What the exercise asks> Restate the listing below word for word, and leave its pictures behind.

═════ Data

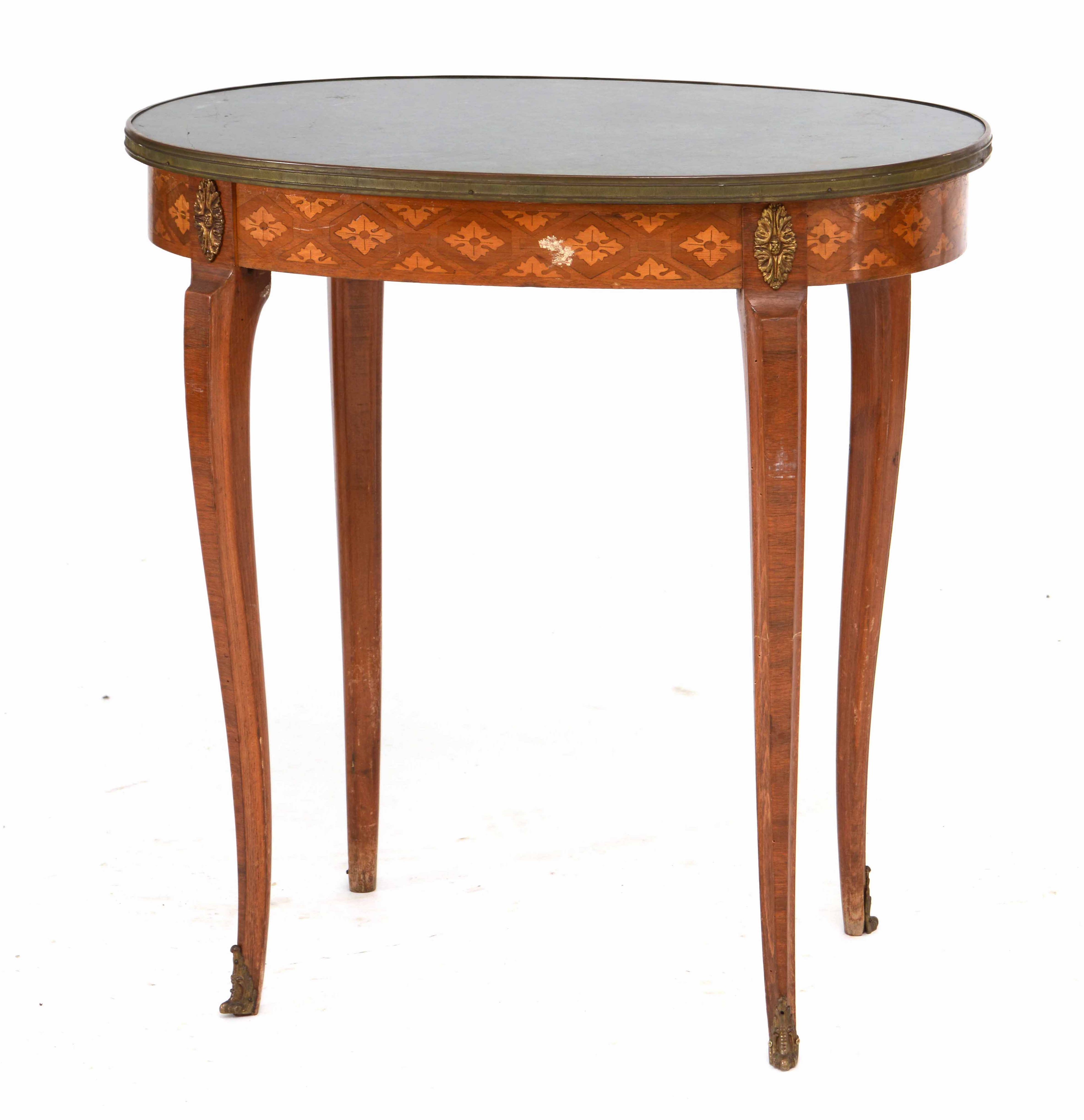 Tavolino d’appoggio in vari legni, piano in verde alpi. Francia, epoca Napoleone [..]
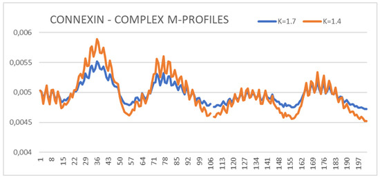 The summary of M distributions for connexin in the presence of Ca2+ (K = 1.7) and in its absence (K = 1.4)—status of chain A in complexes is shown. The numbers on the x-axis represent the order of residues in a chain—the numbers are not the positions as it is given in PDB.
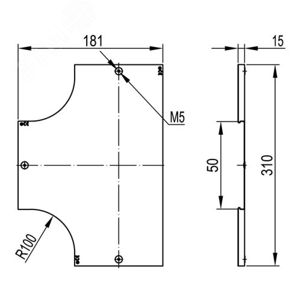 Технические характеристики Крышка на ответвитель DPT Т-образный горизонтальный осн.50 в комплекте с метизами и пластинами PTCE
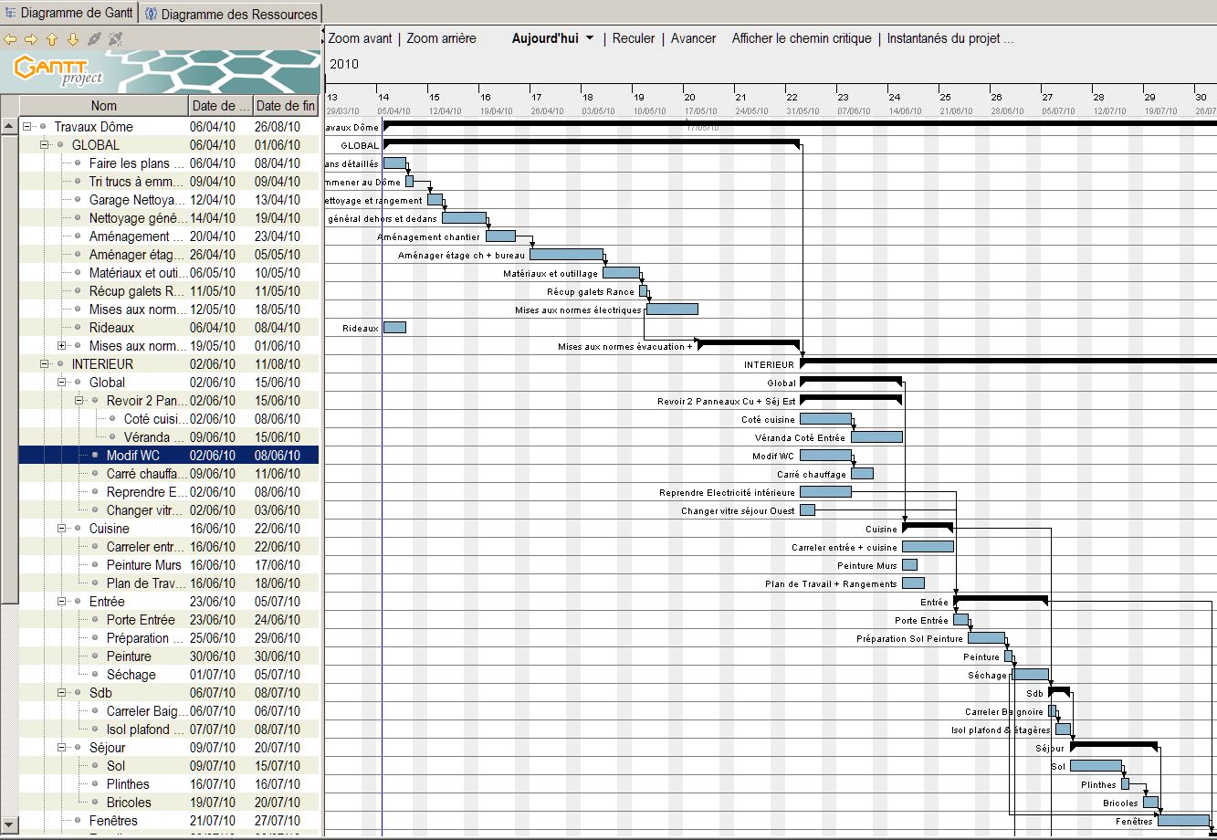 Dans un ouvrage canadien sur les maisons à ossature bois, j’ai découvert qu’ils présentaient couramment des diagrammes de Gantt en même temps que les plans. Je croyais la gestion de projets réservée aux grandes réalisations. L’intérêt de ce genre de diagramme est qu’il permet de visualiser et de faire voir les enchaînements de tâches et de ressources, leurs durées, contraintes et échéances pour anticiper des prises de décision. Comprendre ces méthodes alors que j’avais été chef de projet sur un objectif bien concret m’a donné par la suite un avantage pour trouver des boulots convenables.

══════════

Response below>
 Tavolino d’appoggio in vari legni, piano in verde alpi. Francia, epoca Napoleone [..]
 The summary of M distributions for connexin in the presence of Ca2+ (K = 1.7) and in its absence (K = 1.4)—status of chain A in complexes is shown. The numbers on the x-axis represent the order of residues in a chain—the numbers are not the positions as it is given in PDB.
 Технические характеристики Крышка на ответвитель DPT Т-образный горизонтальный осн.50 в комплекте с метизами и пластинами PTCE
 Dans un ouvrage canadien sur les maisons à ossature bois, j’ai découvert qu’ils présentaient couramment des diagrammes de Gantt en même temps que les plans. Je croyais la gestion de projets réservée aux grandes réalisations. L’intérêt de ce genre de diagramme est qu’il permet de visualiser et de faire voir les enchaînements de tâches et de ressources, leurs durées, contraintes et échéances pour anticiper des prises de décision. Comprendre ces méthodes alors que j’avais été chef de projet sur un objectif bien concret m’a donné par la suite un avantage pour trouver des boulots convenables.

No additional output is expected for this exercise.